Global warming has been a distressing issue for the past couple of years. As time flies, many experts say that this phenomenal change will bring about many catastrophic events. True enough, a lot of floods, typhoons, earthquakes and tsunamis have since shocked the planet ever since the issue on global warming was raised.
Numerous studies have been conducted about global warming, as drastic measures have to be undertaken to save what is left of the planet. One research explains that global warming has brought about an immense difference on how people catch allergies. People who experience hay fever or allergic rhinitis now have to suffer from it for three weeks longer than the typical duration.

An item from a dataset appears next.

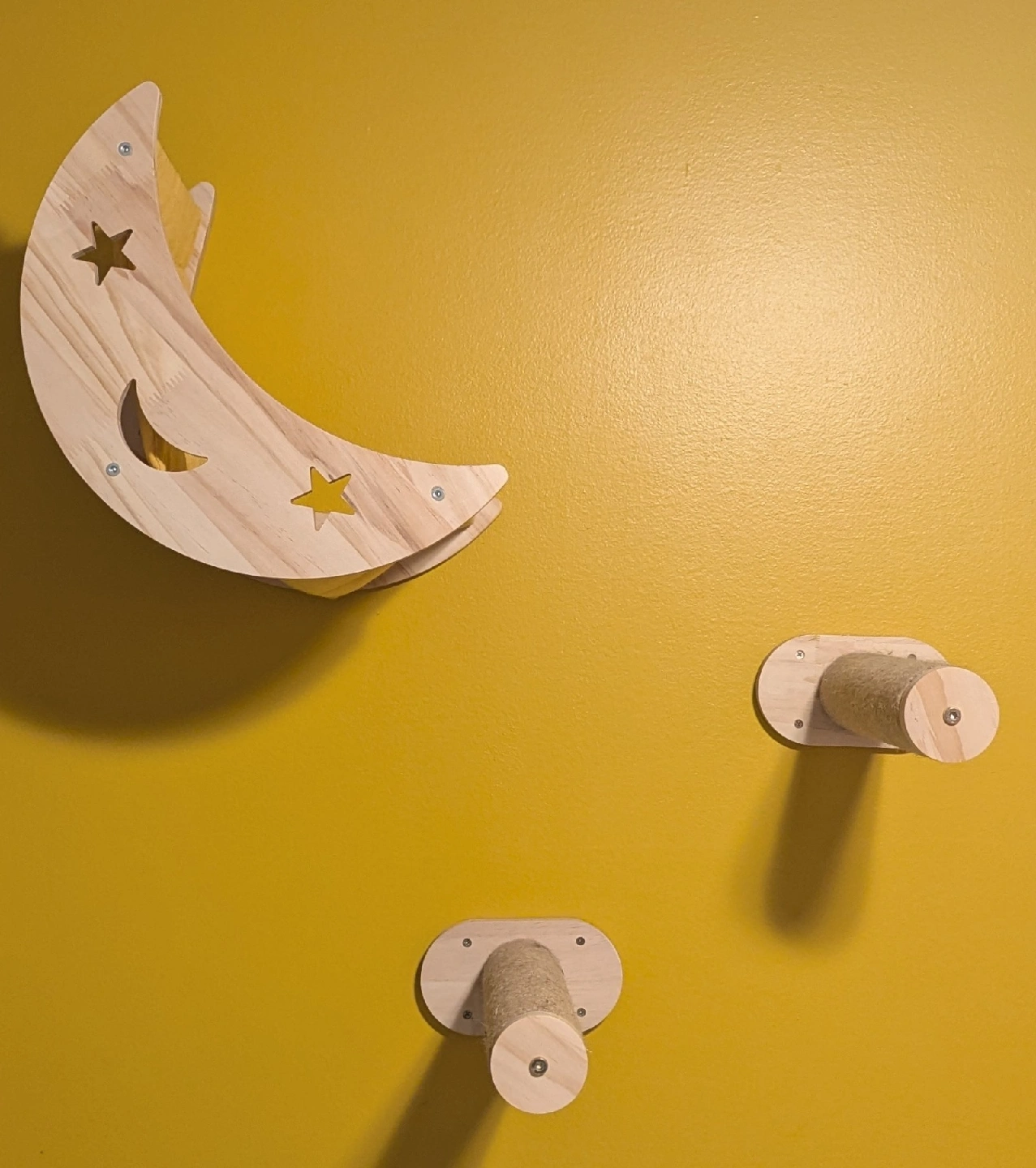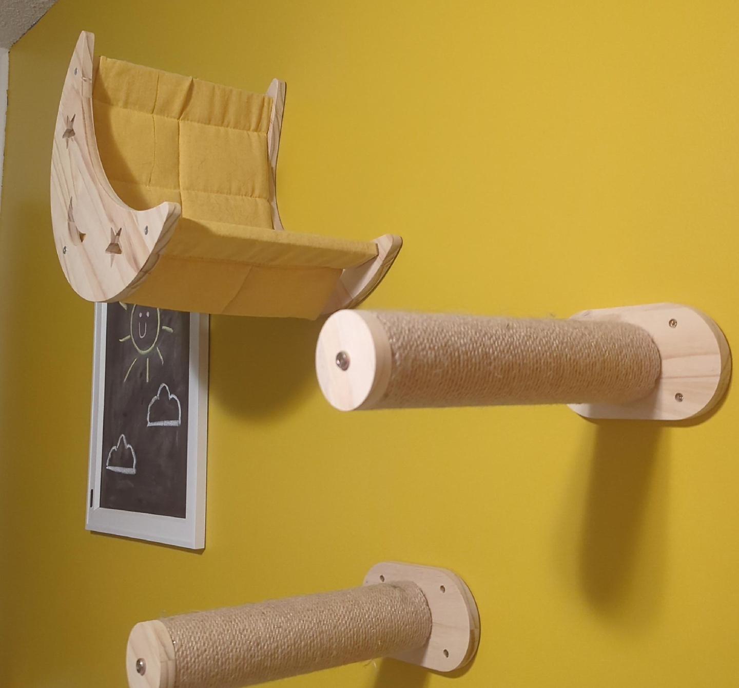 Selling a cute wooden cat wall furniture set! It includes a moon-shaped perch and two scratching posts. Perfect for giving your kitty a fun and engaging space to play and relax. The set is in great condition and ready to be mounted!

Ragweed, in particular, is a notorious allergen that presents during mid-August, usually at the Eastern and Midwestern states. One whole plant is enough to cultivate a billion pollen grains, and each of these grains can travel for at least 100 miles. In fact, one in every 10 Americans are allergic to ragweed.
To address this alarming issue, the American College of Allergy, Asthma and Immunology (ACCAI) recommends the following steps to prevent and/or manage allergic rhinitis:
1. Take antihistamines before the symptoms start. Come Mid-August, you should anticipate and keep a complete stock of medications for allergic symptoms.
2. Close the windows in your car and house to keep the pollen grains out.
3. After each and every outdoor commitment, make it a point to shower and change.
4. When gardening or mowing the lawn, wear a face mask for added protection.
5. Consult an allergist if you are bothered by your condition.
Allergies are a major cause of school and work absences. It is, important, therefore, to take note of these ACCAI-approved ways of preventing and managing allergic rhinitis.